(Provided data)
--- START ---

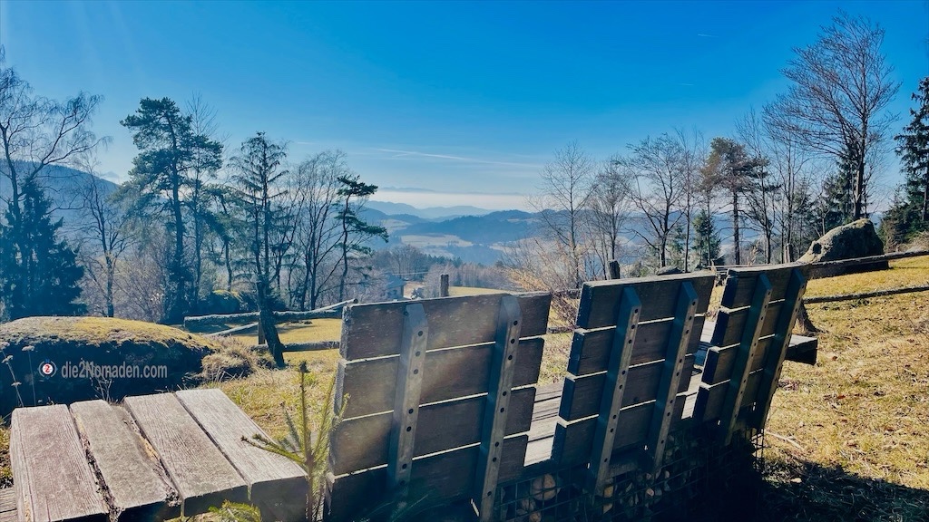 Zu unserem Glück treffen wir auf einen wunderbaren Rastplatz mit zwei Bankerl und einer traumhaften Aussicht. Die mitgebrachte Stärkung wird ausgepackt und da kein anderer weit und breit zu sehen ist, flattert auch mein T-Shirt schon bald über einem Zaun im Wind, die Jacke ist schon lange weg.
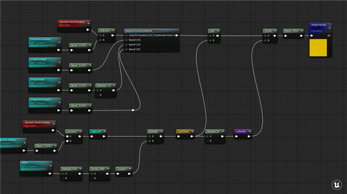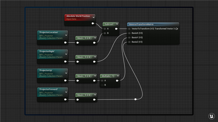 여기에는 벡터 월드 위치에서 프로젝터 위치로의 변환 벡터만 필요합니다.머티리얼 파라미터 컬렉션에서 샘플링하면 자동으로 Float4로 나타나므로 축에 마스킹합니다.
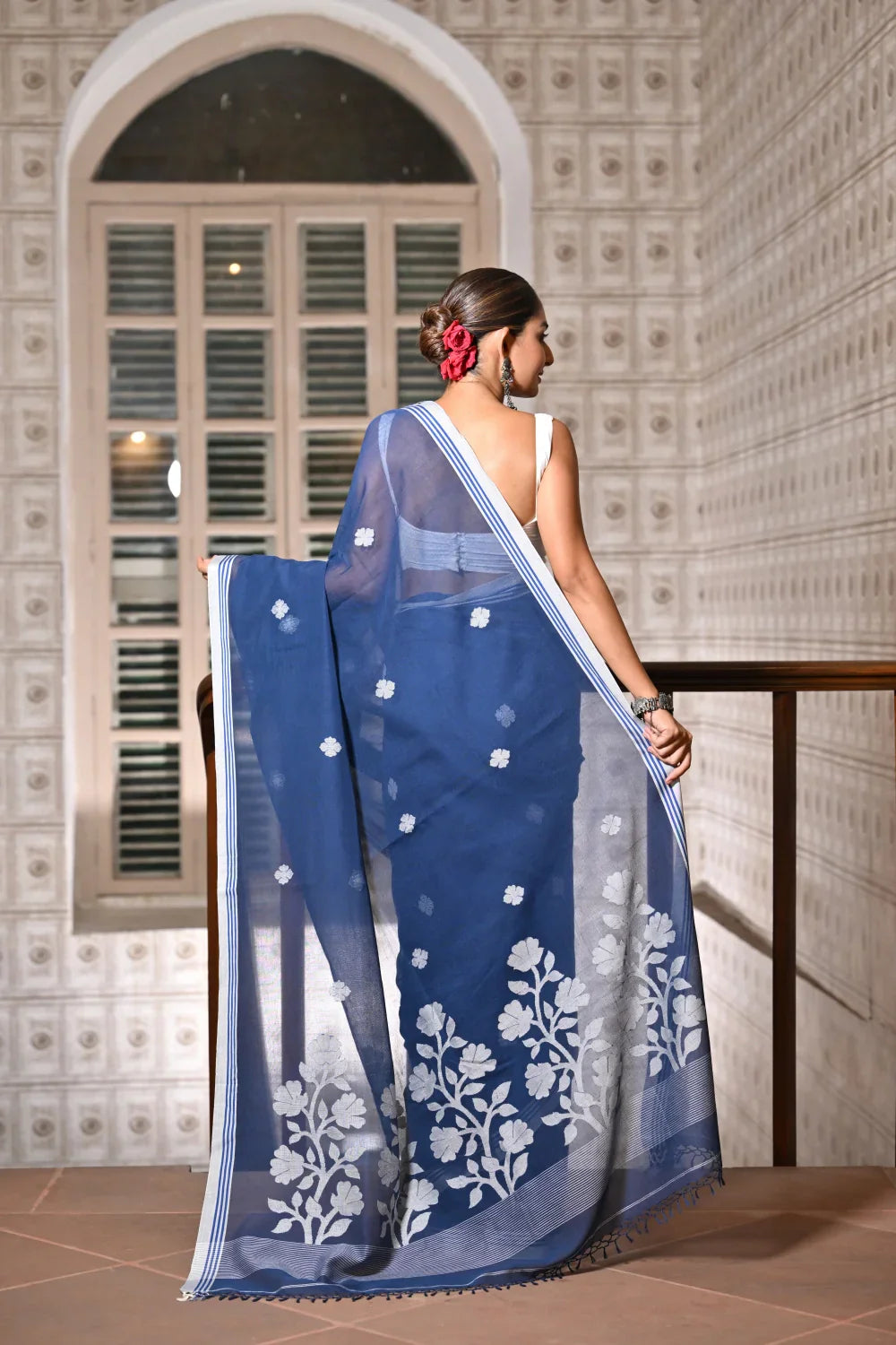 Handloom Navy Blue Contemporary Jamdani with Floral Motifs Saree

--- END ---

(What the task requires) Retype, exactly as written, each line from the one containing "여기에는 벡터 월드 위치에서" through the end of the data above, and leave out every picture.

(Task output)
 여기에는 벡터 월드 위치에서 프로젝터 위치로의 변환 벡터만 필요합니다.머티리얼 파라미터 컬렉션에서 샘플링하면 자동으로 Float4로 나타나므로 축에 마스킹합니다.
 Handloom Navy Blue Contemporary Jamdani with Floral Motifs Saree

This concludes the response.